PD is a chronic, progressive neurodegenerative disorder, characterized by the progressive degeneration of dopaminergic neurons in the substantia nigra pars compacta and consequent reduction in dopamine (DA) content in striatum [66]. The enzyme tyrosine hydroxylase (TH) present in all dopaminergic cells, catalyzes the formation of L-DOPA, the rate-limiting step in the biosynthesis of DA, thereby directly linking PD with TH [67]. Thus, a TH deficiency in the striatum is a hallmark of PD [68].

The death of nigral dopaminergic neurons leads to the typical motor symptoms observed in PD, bradykinesia, tremor, and rigidity.

Several experimental and clinical studies have demonstrated that endocannabinoid system undergo evident neurochemical and neurophysiological alterations after dopamine depletion [69,70,71,72]. In fact, as consequence of reduction in dopaminergic signaling, endocannabinoids levels as well as CB1 receptor expression result to be up-regulated in basal ganglia [73,74], suggesting that cannabinoids could have a therapeutic role in the treatment of movement disorders associated with PD.

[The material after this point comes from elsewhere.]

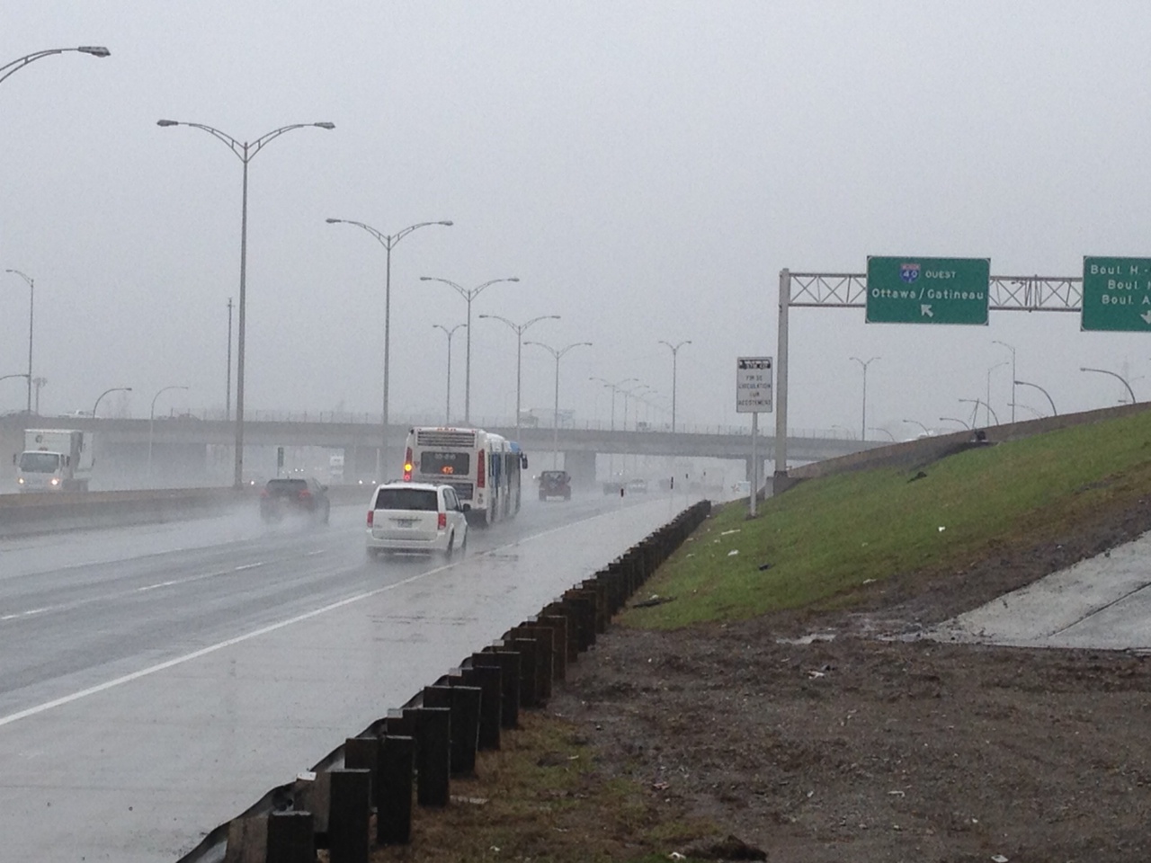 Montreal’s transit authority (the STM), now allows bus numbers 72, 220, 470 and 475 to use the shoulders on certain part of the highway between Cavendish Boulevard in the St-Laurent borough and St. Charles Boulevard in Kirkland.

To better understand what is the cannabinoid mechanism of action in PD and their antiglutamatergic effects, it is vital to explain the network of synapses involved in the genesis and in the control of voluntary and involuntary movements. For this purpose, it will be beneficial to summarize and comment on mechanism prospects outlined by many authors [75,76,77].

At level of basal ganglia, when the prefrontal sensorial cortex receives a stimulus to perform a movement, sensitive cortical neurons send glutamatergic excitatory signals to striatum nucleus (putamen) that, via GABAergic neurons, inhibits the activity of internal globus pallidus. This is known as the direct pathway of movement control. So doing, the GABAergic inhibitory signal of globus pallidus, that normally controls the activity of thalamic nucleus, is lost and thalamus can send an excitatory glutamatergic signal to motor cortex that perform the movement.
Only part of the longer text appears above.